I don’t know if my pseudo-code (second) is the right way to find the best move using MinMax with alpha-beta trimming or if I need to update the best move even in points <beta.
Please do not hesitate to offer any new and better pseudo codes, if you prefer, I am not attached to anything, and I do not mind rewriting some code if it is better than mine.
EDIT:
Since I cannot understand the answers, I think that maybe the question does not ask what I want to know, so I am trying to write better here.
Provided that I want to get the best move for only one player and that this player , who is a maximizer , is passed to the MinMax function every time I need a new move (so minmax(2, black, a, b) returns the best move for black player, and minmax(2, white, a ,b) returns the best for the white player), how would you change the first pseudocode (or java implementation in the source) to save this given best move somewhere?
EDIT 2:
Let's see if we can do this.
This is my implementation, can you tell me if this is correct?

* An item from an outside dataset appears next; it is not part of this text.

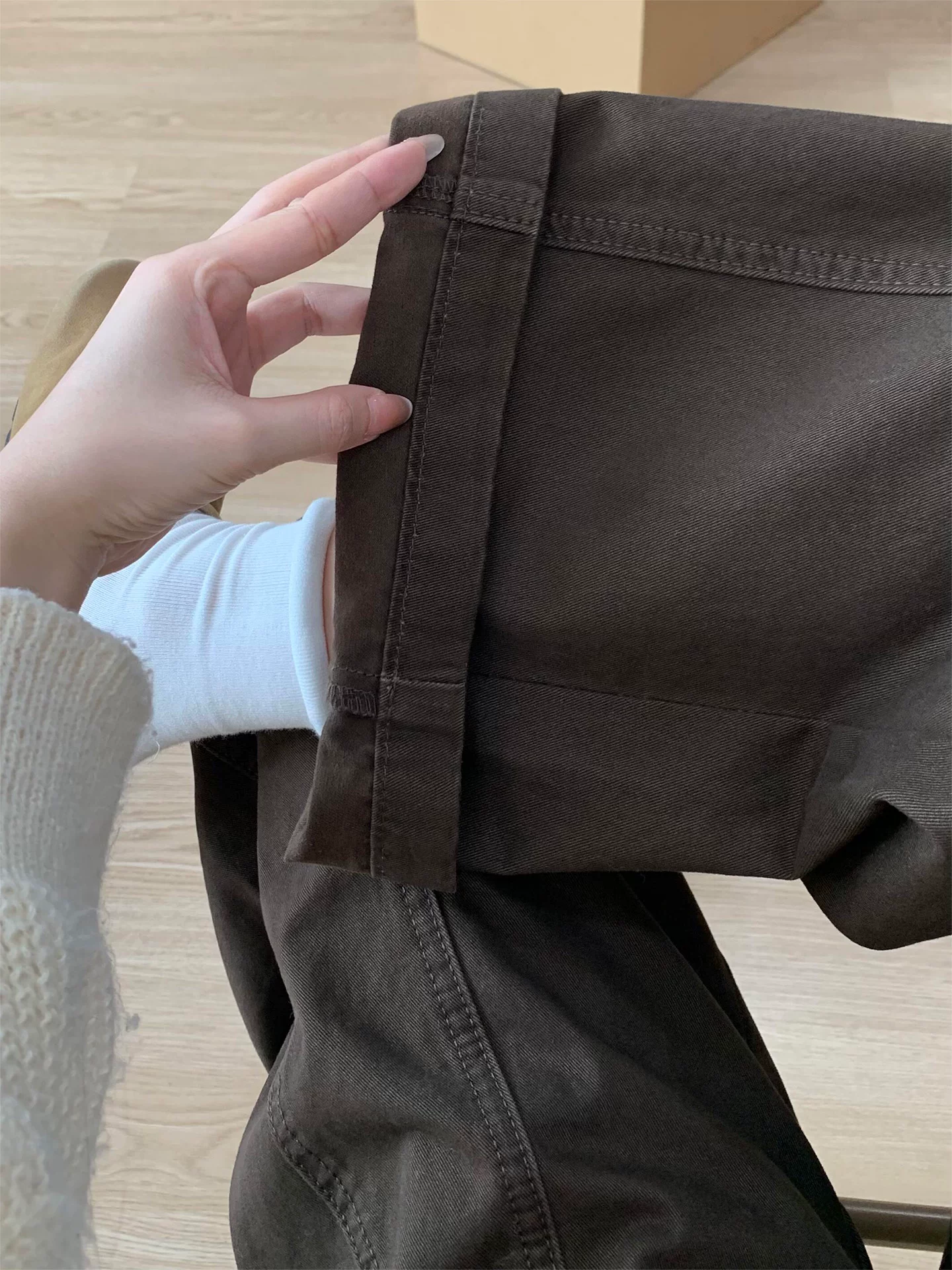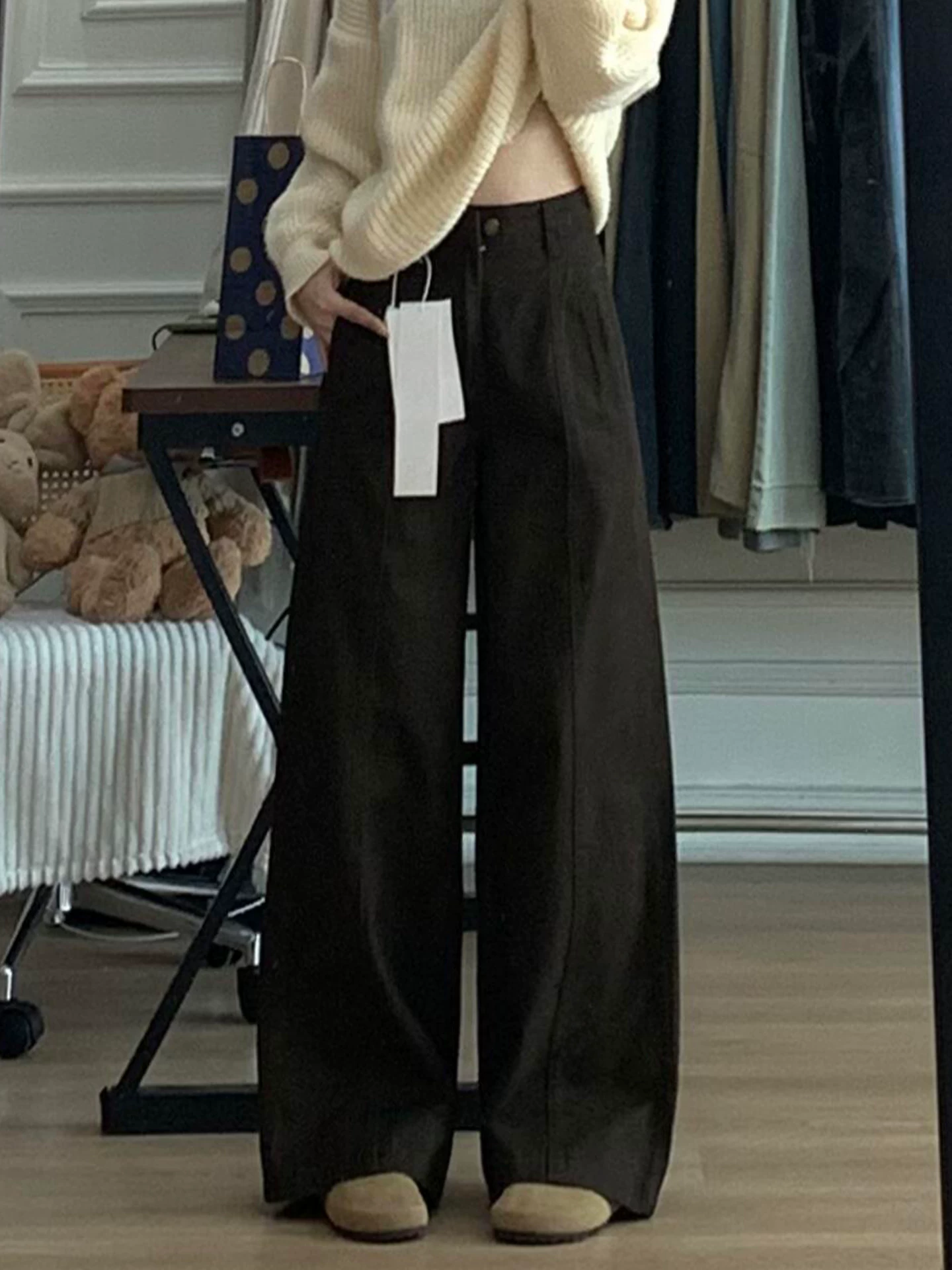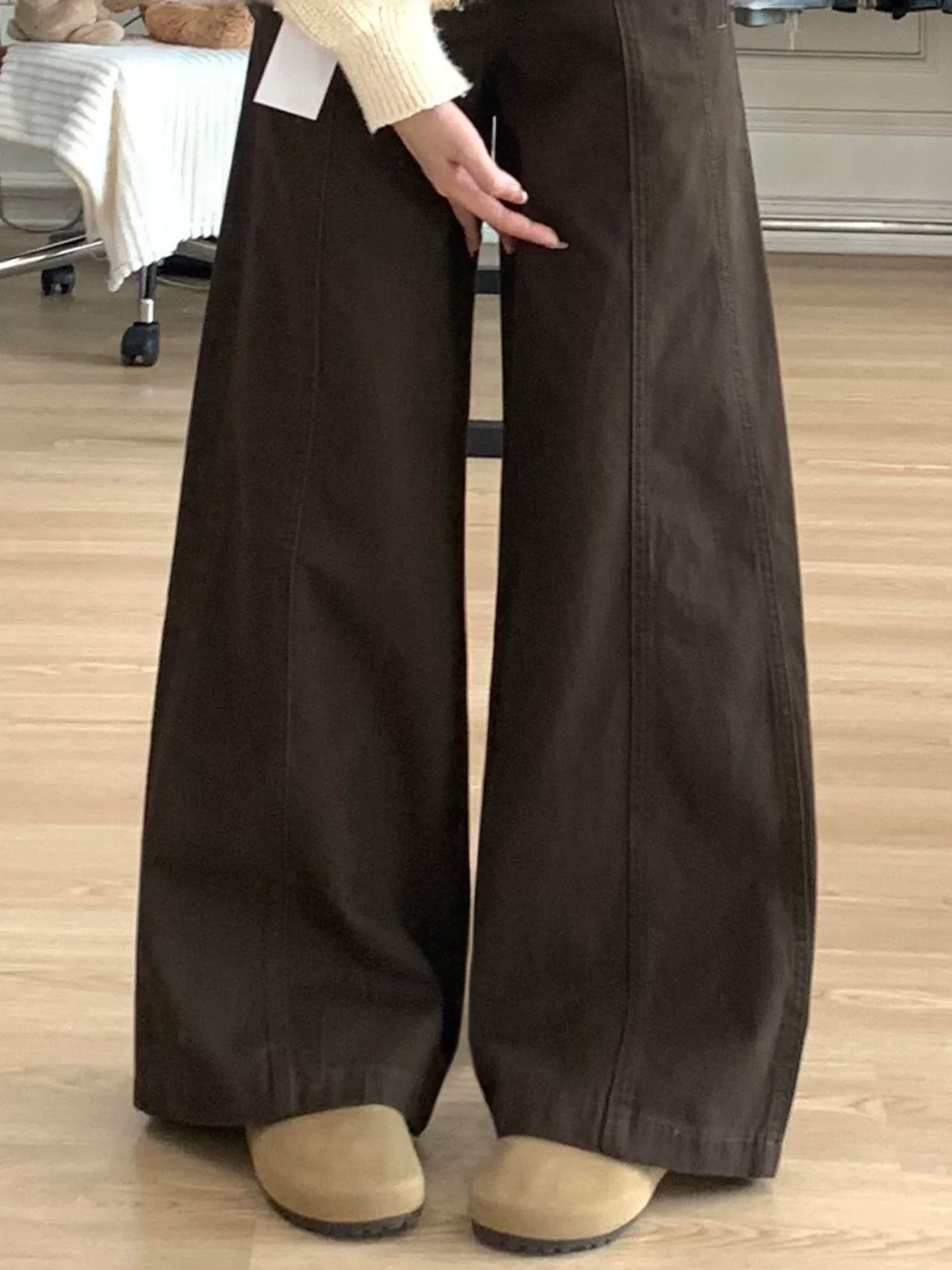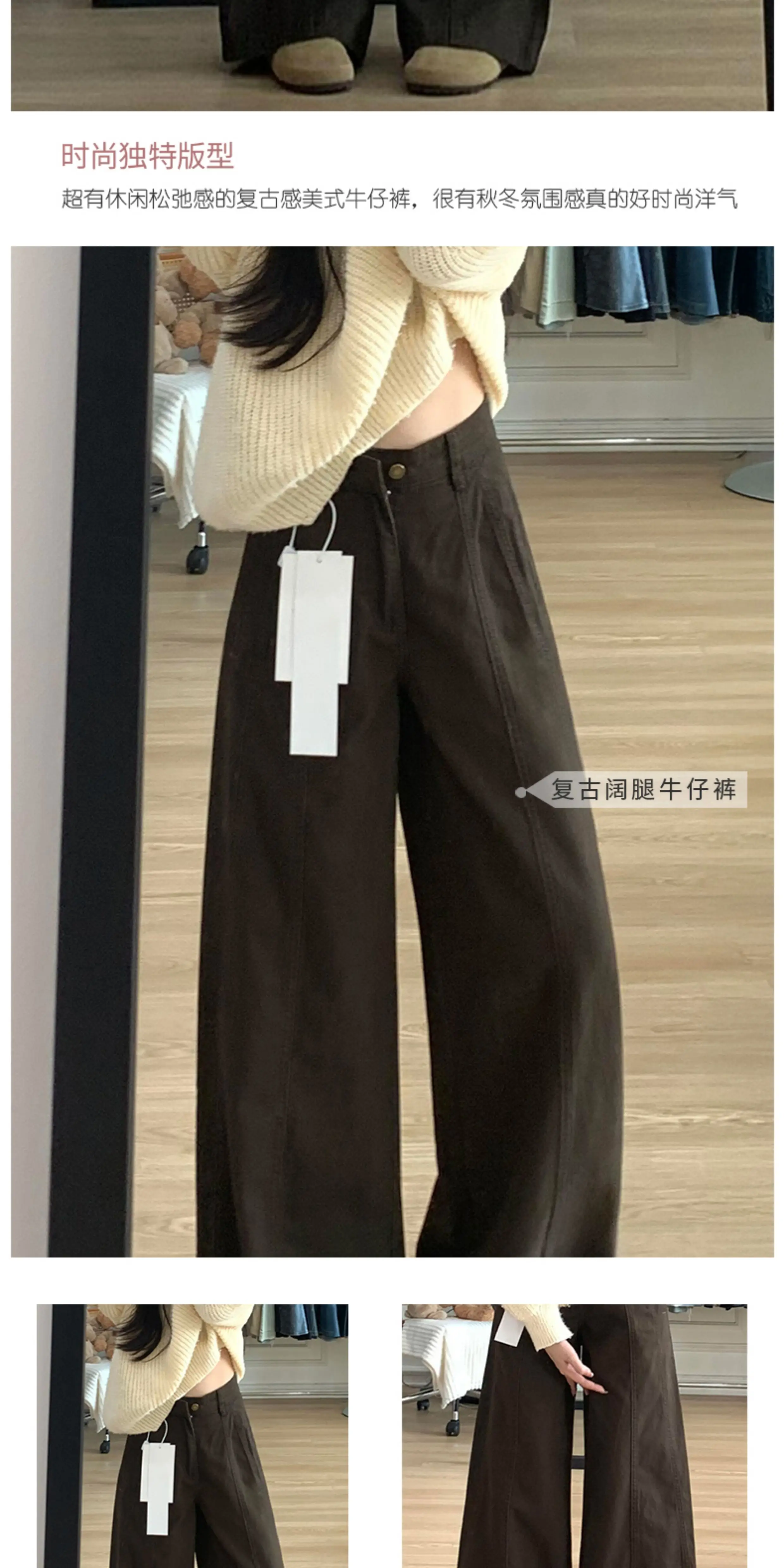 - Quần jean ống đứng màu cà phê Melard dành cho nữ, mùa thu đông, cỡ lớn, lưng cao, dáng rộng, giảm béo, dáng quả lê, quần ống rộng

//PlayerType is an enum with just White and Black values, opponent() returns the opposite player type protected int minMax(int alpha, int beta, int maxDepth, PlayerType player) { if (!canContinue()) { return 0; } ArrayList<Move> moves = sortMoves(generateLegalMoves(player)); Iterator<Move> movesIterator = moves.iterator(); int value = 0; boolean isMaximizer = (player.equals(playerType)); // playerType is the player used by the AI if (maxDepth == 0 || board.isGameOver()) { value = evaluateBoard(); return value; } while (movesIterator.hasNext()) { Move currentMove = movesIterator.next(); board.applyMove(currentMove); value = minMax(alpha, beta, maxDepth - 1, player.opponent()); board.undoLastMove(); if (isMaximizer) { if (value > alpha) { selectedMove = currentMove; alpha = value; } } else { if (value < beta) { beta = value; } } if (alpha >= beta) { break; } } return (isMaximizer) ? alpha : beta; }
EDIT 3:
New implementation based on @Codor answer / comments
private class MoveValue { public Move move; public int value; public MoveValue() { move = null; value = 0; } public MoveValue(Move move, int value) { this.move = move; this.value = value; } @Override public String toString() { return "MoveValue{" + "move=" + move + ", value=" + value + '}'; } } protected MoveValue minMax(int alpha, int beta, int maxDepth, PlayerType player) { if (!canContinue()) { return new MoveValue(); } ArrayList<Move> moves = sortMoves(generateLegalMoves(player)); Iterator<Move> movesIterator = moves.iterator(); MoveValue moveValue = new MoveValue(); boolean isMaximizer = (player.equals(playerType)); if (maxDepth == 0 || board.isGameOver()) { moveValue.value = evaluateBoard(); return moveValue; } while (movesIterator.hasNext()) { Move currentMove = movesIterator.next(); board.applyMove(currentMove); moveValue = minMax(alpha, beta, maxDepth - 1, player.opponent()); board.undoLastMove(); if (isMaximizer) { if (moveValue.value > alpha) { selectedMove = currentMove; alpha = moveValue.value; } } else { if (moveValue.value < beta) { beta = moveValue.value; selectedMove = currentMove; } } if (alpha >= beta) { break; } } return (isMaximizer) ? new MoveValue(selectedMove, alpha) : new MoveValue(selectedMove, beta); }
I do not know if I am right or something is wrong, but I returned to the problem that I had when I asked the question:
calling minMax(Integer.MIN_VALUE, Integer.MAX_VALUE, 1, PlayerType.Black) returns a movement that only a white player can perform, and this is not what I need.
I need a better move for this player, not a better move for the whole board.